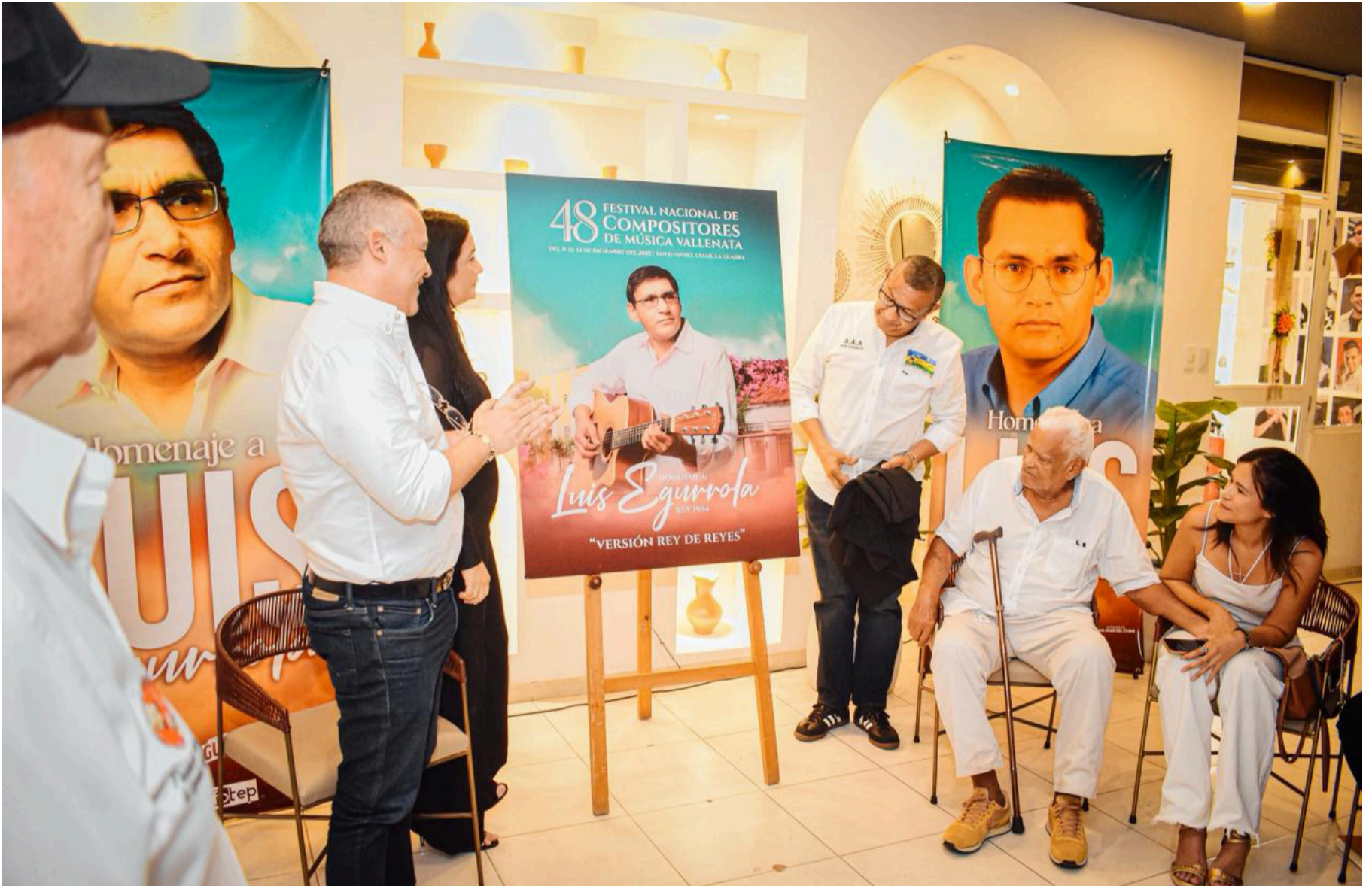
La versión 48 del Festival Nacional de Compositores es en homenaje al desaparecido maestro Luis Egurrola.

---

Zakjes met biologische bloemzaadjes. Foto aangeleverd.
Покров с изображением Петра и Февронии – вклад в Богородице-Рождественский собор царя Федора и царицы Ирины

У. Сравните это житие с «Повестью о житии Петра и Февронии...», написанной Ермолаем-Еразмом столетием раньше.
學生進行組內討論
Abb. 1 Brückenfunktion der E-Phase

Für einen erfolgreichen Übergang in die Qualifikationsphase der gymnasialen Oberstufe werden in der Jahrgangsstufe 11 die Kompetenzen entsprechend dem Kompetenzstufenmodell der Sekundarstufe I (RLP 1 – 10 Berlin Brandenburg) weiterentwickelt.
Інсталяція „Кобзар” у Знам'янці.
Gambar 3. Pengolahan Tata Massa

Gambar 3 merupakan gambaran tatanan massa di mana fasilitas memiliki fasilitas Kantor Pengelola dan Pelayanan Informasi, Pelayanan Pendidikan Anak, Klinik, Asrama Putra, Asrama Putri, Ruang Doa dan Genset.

==

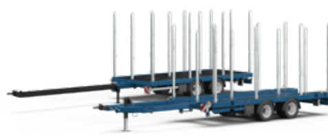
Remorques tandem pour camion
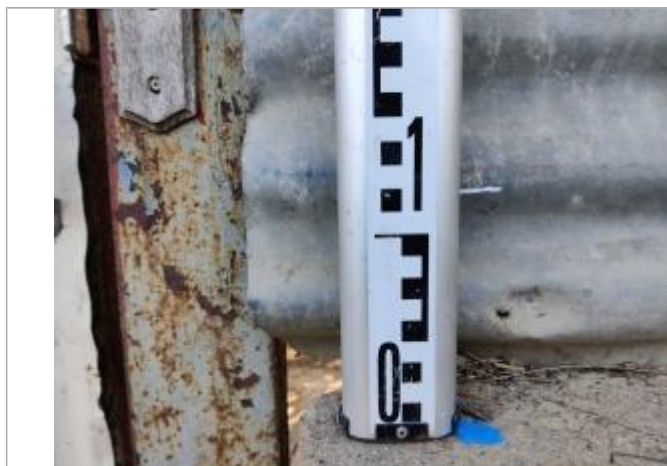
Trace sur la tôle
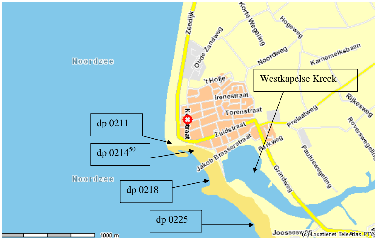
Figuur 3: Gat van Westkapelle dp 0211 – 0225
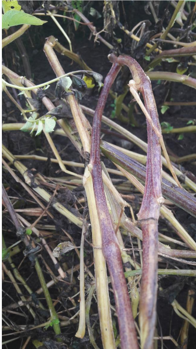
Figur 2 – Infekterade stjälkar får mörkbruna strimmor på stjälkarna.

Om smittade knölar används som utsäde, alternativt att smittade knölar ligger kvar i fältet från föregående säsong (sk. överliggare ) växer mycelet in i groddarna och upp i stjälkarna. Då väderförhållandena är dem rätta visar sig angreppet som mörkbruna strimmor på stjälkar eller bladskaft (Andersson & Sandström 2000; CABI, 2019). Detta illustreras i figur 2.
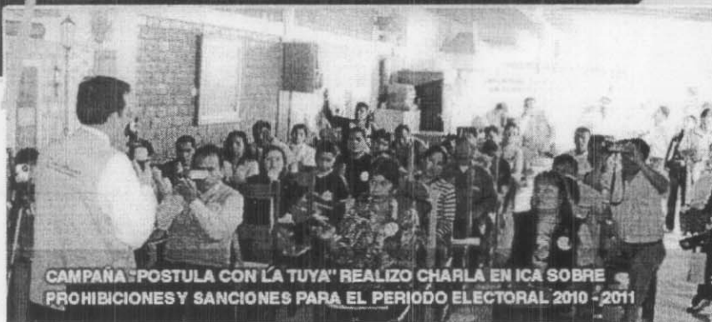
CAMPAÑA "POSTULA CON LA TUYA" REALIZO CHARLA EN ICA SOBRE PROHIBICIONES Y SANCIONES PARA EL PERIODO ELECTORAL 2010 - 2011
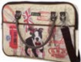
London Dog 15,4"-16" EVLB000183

Brief
How many lines of the material above hold the string "Петра"? Reply with the number and nothing else.

Expected answer
2